OpenStack Service User

The maia service requires an OpenStack service user in order to authenticate and authorize clients.

# Identity service used to authenticate user credentials (create/verify tokens etc.)
auth_url = "https://identity.mydomain.com/v3/"
# service user credentials
username = "maia"
password = "asafepassword"
user_domain_name = "Default"
project_name = "serviceusers"
project_domain_name = "Default"

Authorization

An OpenStack policy file controls the authorization of incoming requests. The roles mentioned in the policy file also need to be listed in the configuration, so that Maia can discover which projects are relevant for monitoring.

policy_file = "/etc/maia/policy.json"
roles = "monitoring_viewer,monitoring_admin"

You can also use regular expressions for role names, e.g. .* to check that a user has some role.

Maia distinguishes the following permissions

  • metric:list: List which metrics and measurement series are available for inspection
  • metric:show: Show actual measurement data (details)

Default Domain

To logging into the UI without specifying a user-domain, you can specify which user-domain should be used by default. By default this is the Default domain of OpenStack.

default_user_domain_name = "myOSDomain"

Token Cache

In order to improve responsiveness and protect Keystone from too much load, Maia will re-check authorizations for users only every 15 minutes (900 seconds).

If the token TTL configured at Keystone is shorter or if you want to reduce Keystone load further, this amount can be changed:

token_cache_time = "3600s"

Starting the Service

Once you have finalized the configuration file, you are set to go

maia serve

Getting Data: Exporters

Maia is useless without metrics. So you need Prometheus exporters that provide tenant-aware metrics. These exporters need to be scraped by the Prometheus instance that is configured as Maia's data source.

Multi-tenant support is provided by means of dedicated labels to specify OpenStack project and domain. These labels either have to be supplied by the exporters directly or they have to be mapped from other labels using the Prometheus relabelling capabilities.
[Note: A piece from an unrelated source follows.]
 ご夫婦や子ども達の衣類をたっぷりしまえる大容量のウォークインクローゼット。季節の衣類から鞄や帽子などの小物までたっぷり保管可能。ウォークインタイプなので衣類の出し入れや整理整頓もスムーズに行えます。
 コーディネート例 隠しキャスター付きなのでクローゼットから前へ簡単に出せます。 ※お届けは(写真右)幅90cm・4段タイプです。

The following labels have a special meaning in Maia. Only metrics with these labels are visible through the Maia API.

Label Key Description
project_id OpenStack project UUID
domain_id OpenStack domain UUID

Metrics without project_id will be omitted when project scope is used. Likewise, metrics without domain_id will not be available when authorized to domain scope.

Users authorized to a project will be able to access the metrics of all sub-projects. Users authorized to a domain will be able to access the metrics of all projects in that domain that have been labelled for the domain.
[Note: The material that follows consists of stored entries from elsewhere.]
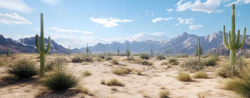 Залитая солнцем пустыня с кактусами сагуаро и красными скалами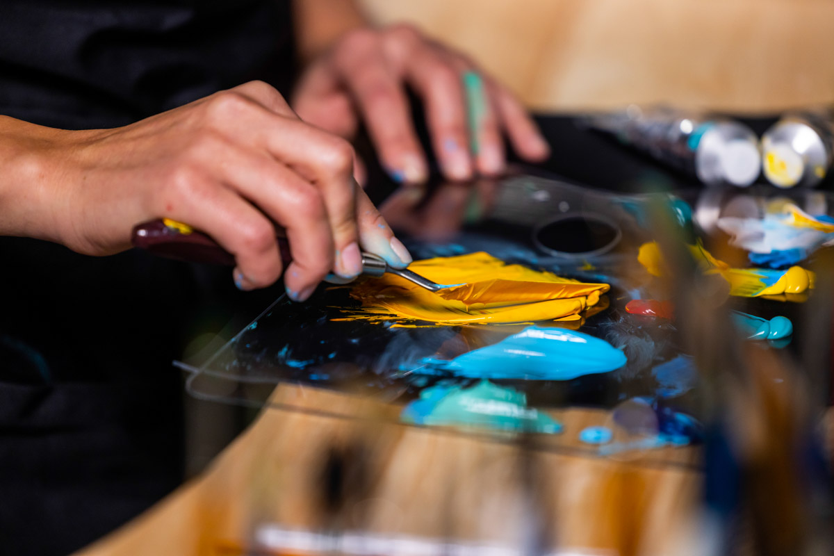 Для создания светящихся облаков художница использовала более 20 последовательных слоёв акриловой краски, создавая глубину и объём с помощью различных кистей. Чтобы добиться эффекта тумана, художница обратилась к неожиданному инструменту – кисточке для макияжа, – чтобы самый тонкий слой пигментов деликатно высох при соприкосновении с кожей.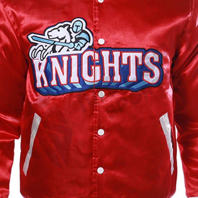 แจ็กเก็ตบอมเบอร์ผ้าไหมซาตินสำหรับผู้ชายปักโลโก้ด้านหน้าคอตั้งลายการ์ตูนออกแบบได้ตามต้องการสำหรับฤดูหนาว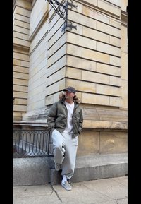 • Graue Jogginghose mit elastischem Bund und seitlichen Streifen, kombiniert mit schwarz-weißen Vans-Sneakern im Schachbrettmuster. Dazu eine bomberjacke in erdigen Tönen.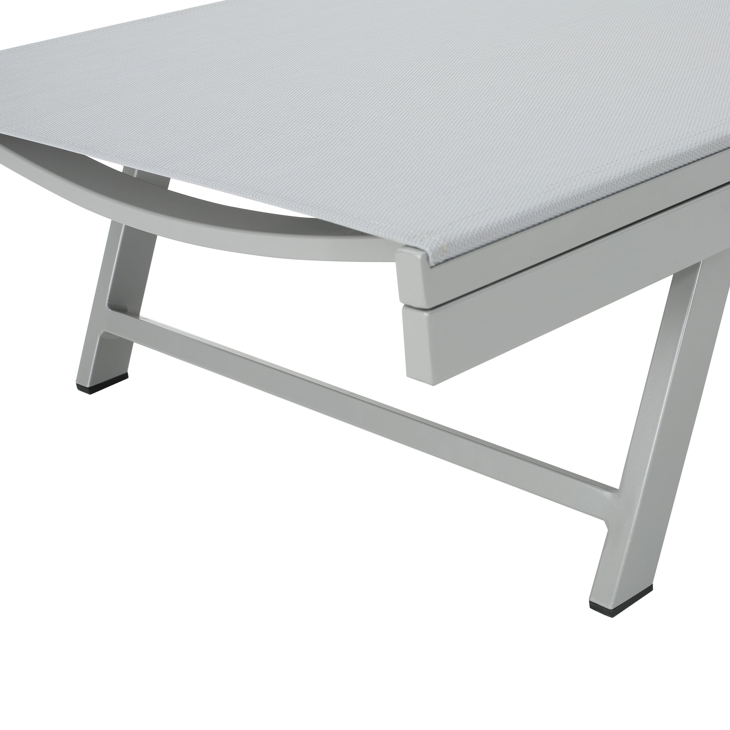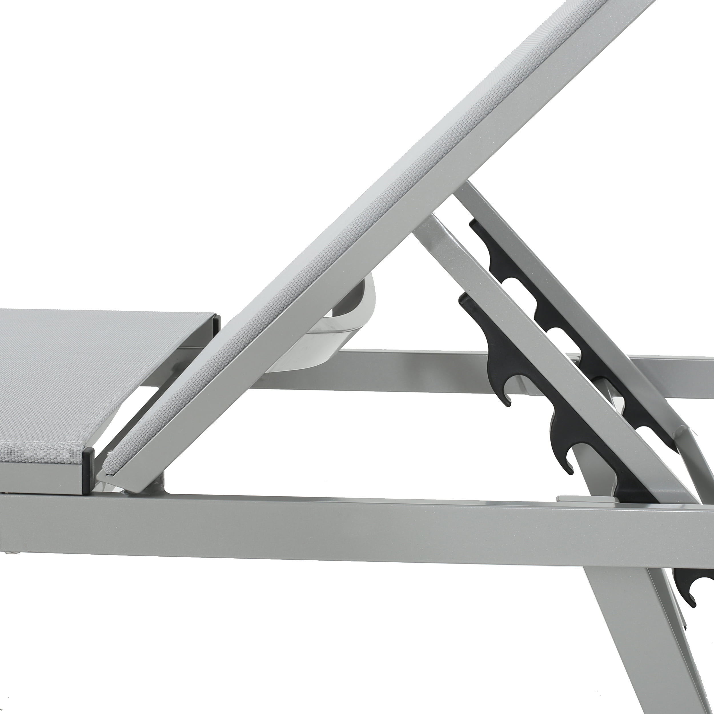 This elegant and unpretentious set of chaise lounges is perfect for sunbathing or poolside relaxing. Made from the highest-quality mesh and aluminum, they are light and maneuverable and yet, at the same time, highly durable. These will be the source of years of enjoyment. Features: Includes: Two (2) Chaise Lounges Material: Outdoor Mesh Frame Material: Aluminum Color: Grey Frame Finish: Dark Grey No Assembly Required Hand Crafted Details Specifications: Chaise Lounge Dimensions: 77.50″ D x 25.00″ W x 11.50″ H

The following exporters are known to produce suitible metrics:

  • VCenter Exporter provides project-specific metrics from an OpenStack- controlled VCenter.
  • SNMP Exporter can be configured to extract project IDs from SNMP variables into labels. Since most of the SNMP-enabled devices are shared, only a few metrics can be mapped to OpenStack projects or domains.

Monitoring

Maia offers a Prometheus scrape endpoint at the usual /metrics path.
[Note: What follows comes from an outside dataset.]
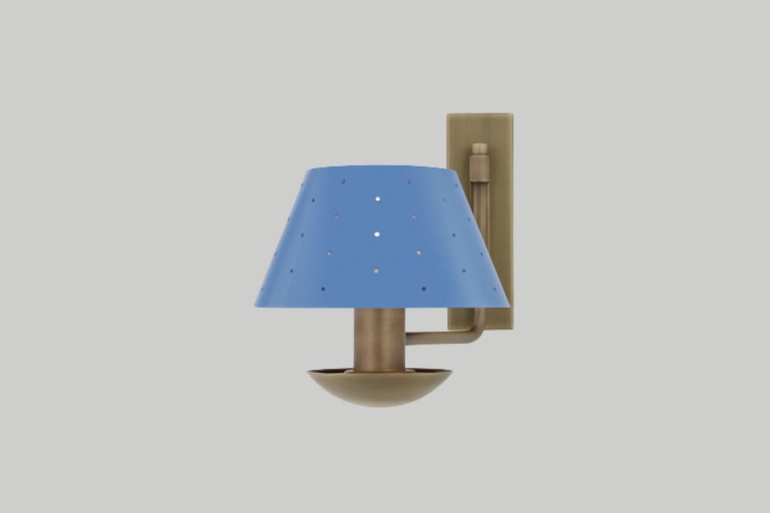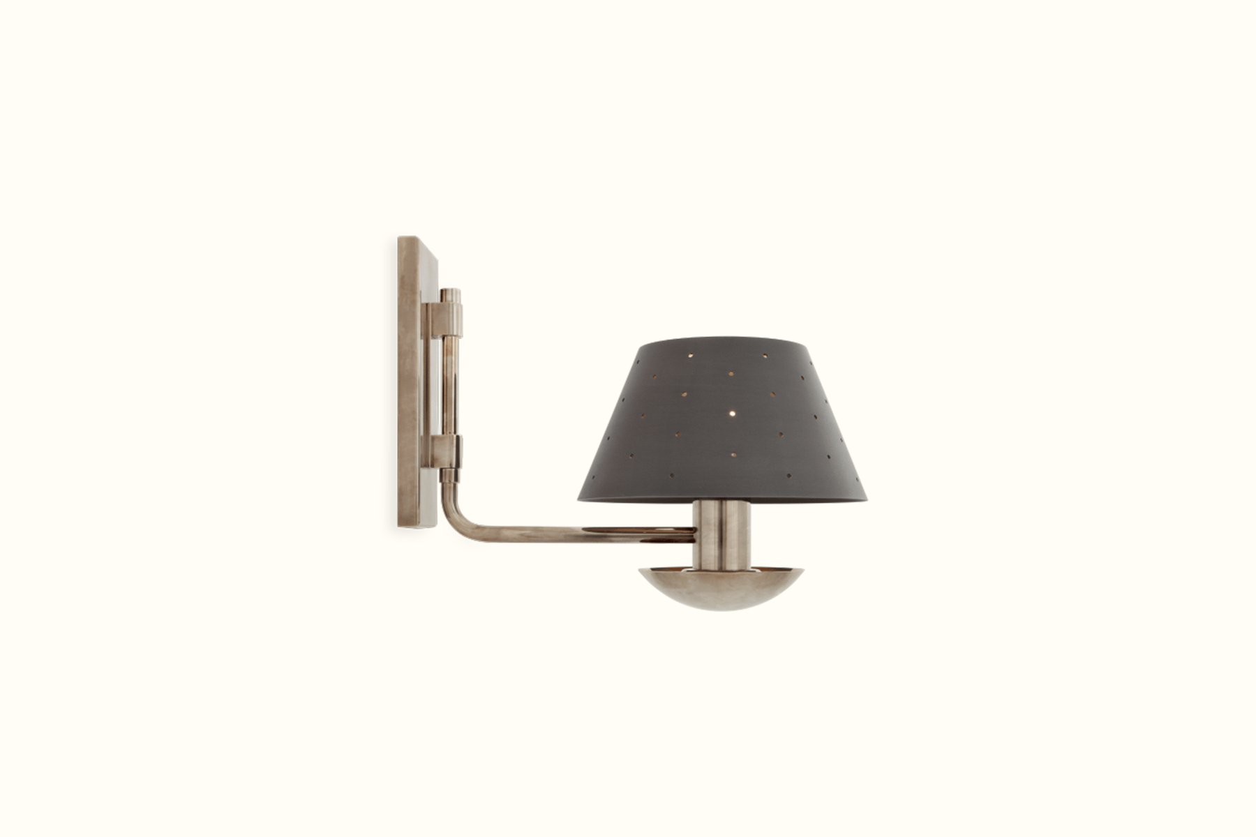 The Mazarine Wall Sconce is timelessly au courant, and a perfectly tailored wall accent. Available as hard or soft-wired, or with a perforated metal shade for a more industrial look and feel. Pictured in heirloom with blackened pewter shade and antique brass finish, the shade’s color and sconce finish can be customized to your space and taste.

This endpoint includes documentation and type-information for each metric. Refer to the Prometheus web site for more information on naming conventions and metric types.

Notes on Scalability

Currently Maia only supports a single Prometheus backend as data source. Therefore scalability has to happen behind the Prometheus that is used by Maia.

Availability can be improved by setting up multiple identical Prometheus instances and using a reverse proxy for failover. Maia itself is stateless, so multiple instances can be spawned without risking collisions.